■ TASK GOAL:
Set down the whole listing below exactly. The pictures stay out.

■ SUPPLIED DATA:
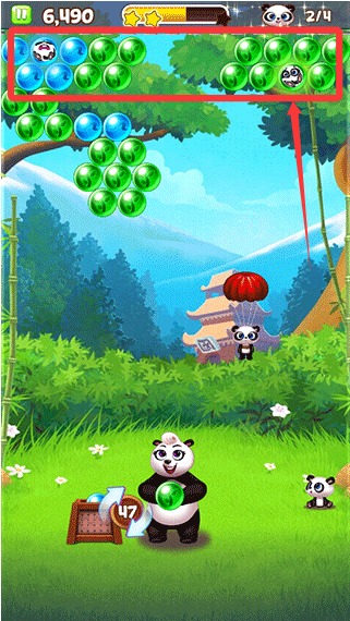 3、消除所有珠子,把被困在泡泡中的熊猫宝宝救下来即可成功通关。
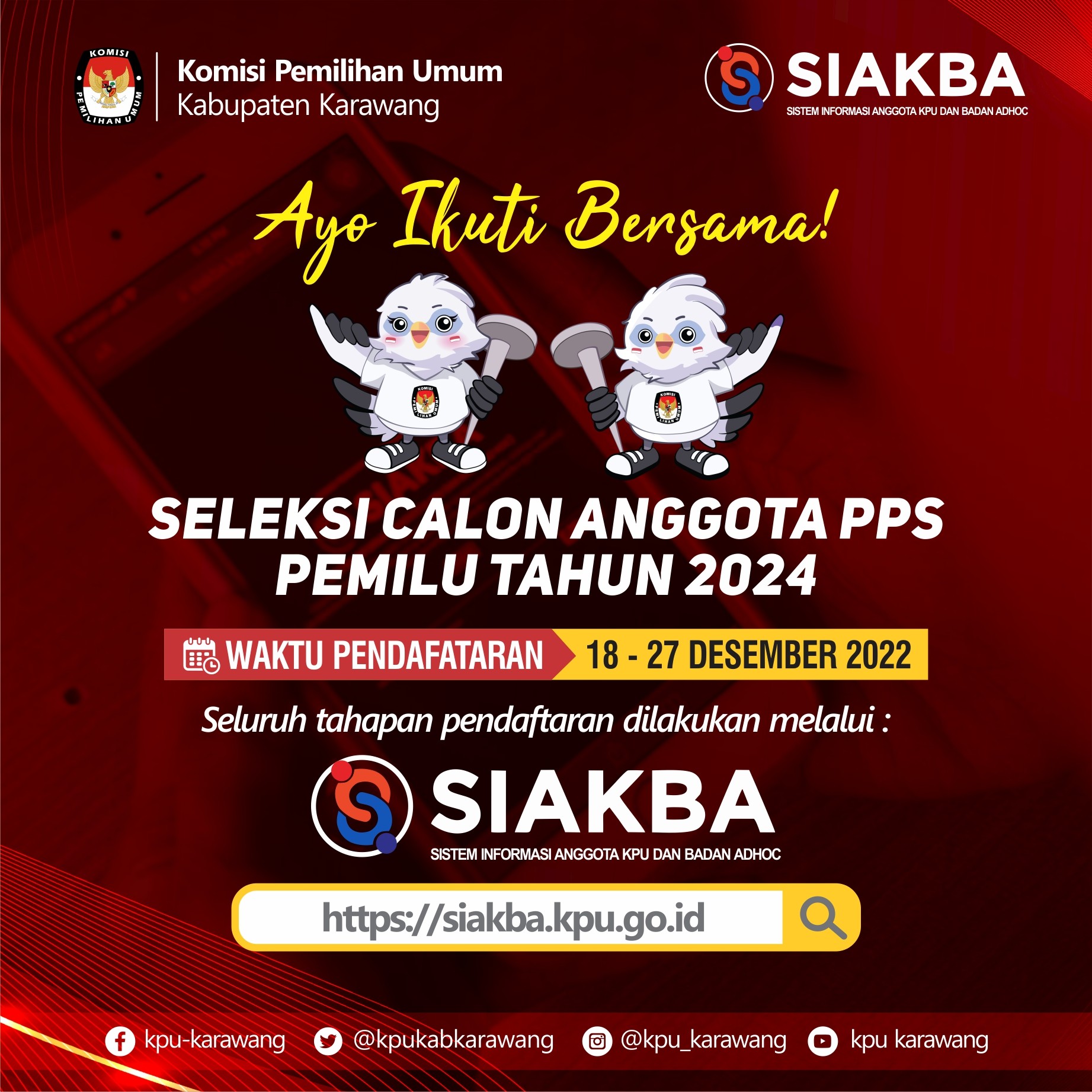- Surat Pendaftaran dan kelengkapan dokumen disampaikan kepada KPU Kabupaten Karawang sejak tanggal 18 Desember 2022 sampai dengan tanggal 27 Desember 2022 pukul 16.00 WIB, melalui SIAKBA ( http://siakba.kpu.go.id).
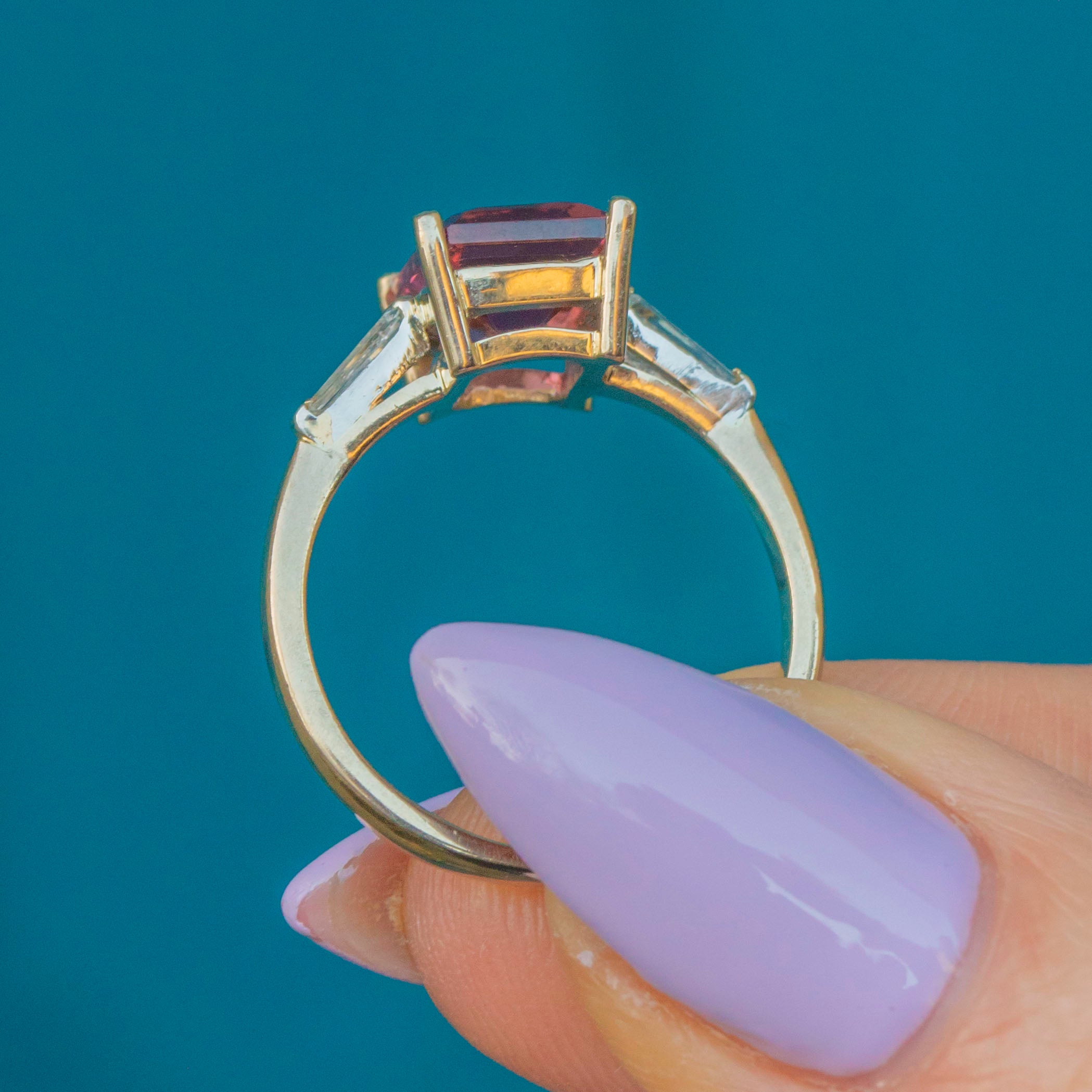 Add a touch of luxury to your collection with this breathtaking 18ct Gold Pink Tourmaline ring! The dusty pink hue of the Tourmaline exudes warmth and sophistication and is flanked by baguette-cut Diamonds, their crisp sparkle providing a dazzling contrast and catching the light in the most gorgeous way.

■ ANSWER SPACE:
 3、消除所有珠子,把被困在泡泡中的熊猫宝宝救下来即可成功通关。
- Surat Pendaftaran dan kelengkapan dokumen disampaikan kepada KPU Kabupaten Karawang sejak tanggal 18 Desember 2022 sampai dengan tanggal 27 Desember 2022 pukul 16.00 WIB, melalui SIAKBA ( http://siakba.kpu.go.id).
 Add a touch of luxury to your collection with this breathtaking 18ct Gold Pink Tourmaline ring! The dusty pink hue of the Tourmaline exudes warmth and sophistication and is flanked by baguette-cut Diamonds, their crisp sparkle providing a dazzling contrast and catching the light in the most gorgeous way.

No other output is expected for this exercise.